I firmly believe that, as a community, we should look for ways to support scientific data management and related analytics. That’s why, for example, I went to XLDB3 in Lyon, France at my own expense. Eight months ago, I wrote about issues in scientific data management. Here’s some of what has transpired since then.
The main new activity I know of has been in the open source SciDB project.
- A company called Zetics has been started to commercialize SciDB. As of now, the entire staff seems to be CEO Marilyn Matz, techie Paul Brown, and part of Mike Stonebraker. Marilyn says Zetics has some venture capital, but even under NDA didn’t tell me who it was from. Zetics does not have its own web site.
- Marilyn tells me there are 20-25 contributors to SciDB, led by Paul Brown and Mike Stonebraker. Brown is full-time. Persistent Systems has been donating the efforts of a few of its employees. Some LSST folks have been doing SciDB work backed by grant money. Most or all of the rest seem to be purer volunteers. Some Russians have been particularly active.
- Release 0.5 of SciDB is expected in June. Release 1.0 is expected in September. This is a rewrite; prior demo code has been scrapped.
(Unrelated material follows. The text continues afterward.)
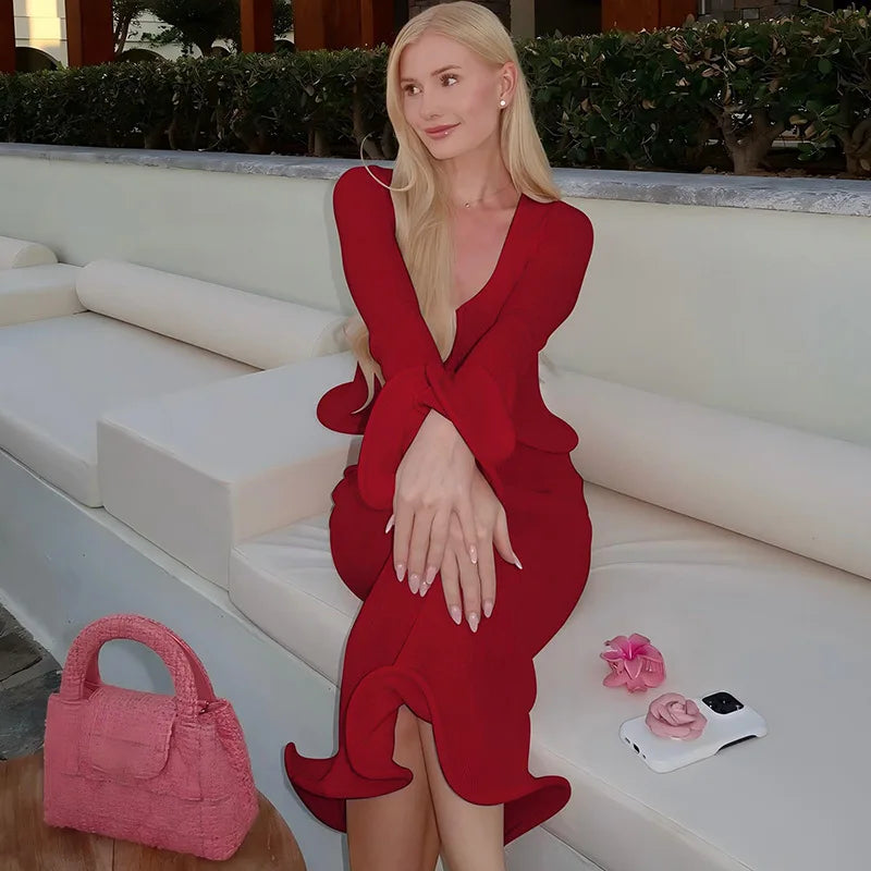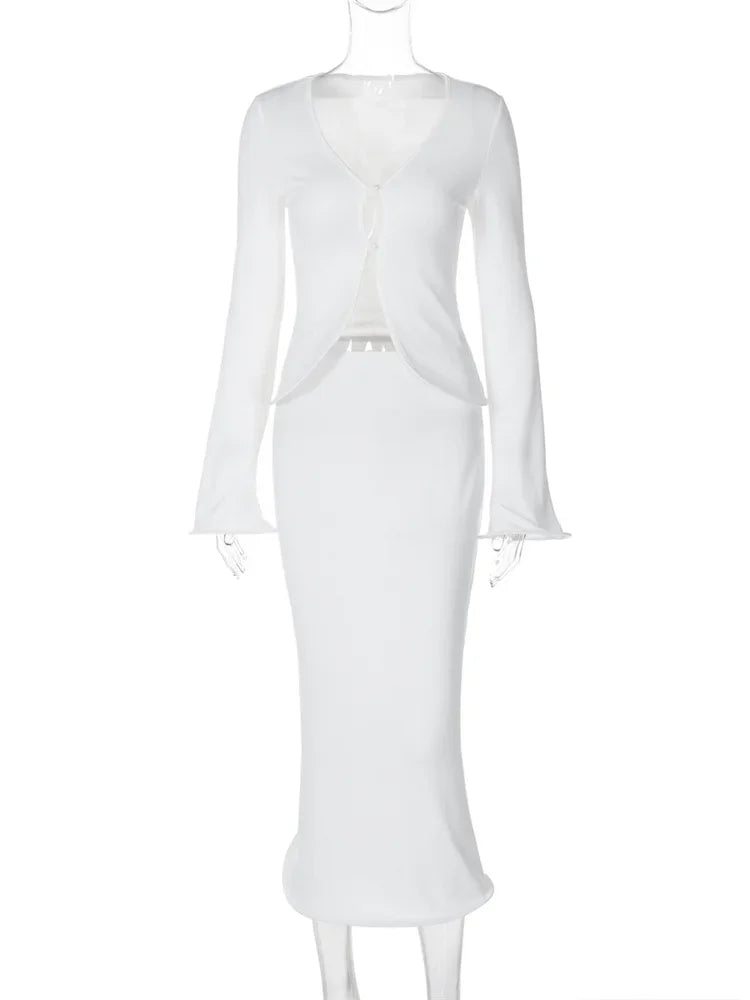 2 Piece Set Ruffle High Waist Maxi Skirt + Ruffle V-Neck Crop Top

Perhaps not coincidentally, it’s also a small slip from prior project plans.
- The array data model is an example of what’s being implemented first. (Duh — you can’t have a DBMS without a data model.) Support for uncertainty is an example of what’s been deferred until later.
- As has been clear since XLDB3 last August, one major target market for SciDB is genomic research.
- It’s obvious that the oil and gas industry, with all its geospatial data, should be interested in SciDB. But there’s not much activity in that regard; outreach is evidently needed. If you can think of somebody in that sector (or anywhere else) who should be alerted to SciDB, please ping them.
- Interest from web analytics users in SciDB seems to have receded a bit from the days when eBay almost funded the project.
In other scientific data management news,
- Microsoft put out a book called The Fourth Paradigm on scientific database management. The whole thing can be downloaded, very officially, as a giant PDF. I think it’s worth skimming. I don’t think it’s worth actually reading. (I did read it.)
- XLDB4 will be at Stanford October 5-7. Unlike prior XLDBs, it will have an open (i.e., no invitation required) part.
Finally, you surely are aware of the whole “Climategate” mess, in which major climate researchers’ email was hacked and many unkind conclusions were drawn. Well, one of the most technical parts of the disclosure was in a long series of Read Me files, in which an unfortunate programmer lamented about the difficulty of reconstructing published results from files at hand. These turned out to illustrate a classic problem that SciDB or alternatives are meant to solve:
- Raw data was impossible to use without various adjustments to regularize it (the word “regridding” comes up a lot, for example). Massaging was needed before analytics could be done on it.
- The raw data was thrown out or lost, and could not be reconstructed (why they couldn’t have asked the suppliers of the data to give it to them again was unclear in this case, since it wasn’t original experimental data).
- It was thus impossible to massage the data in any new or improved way.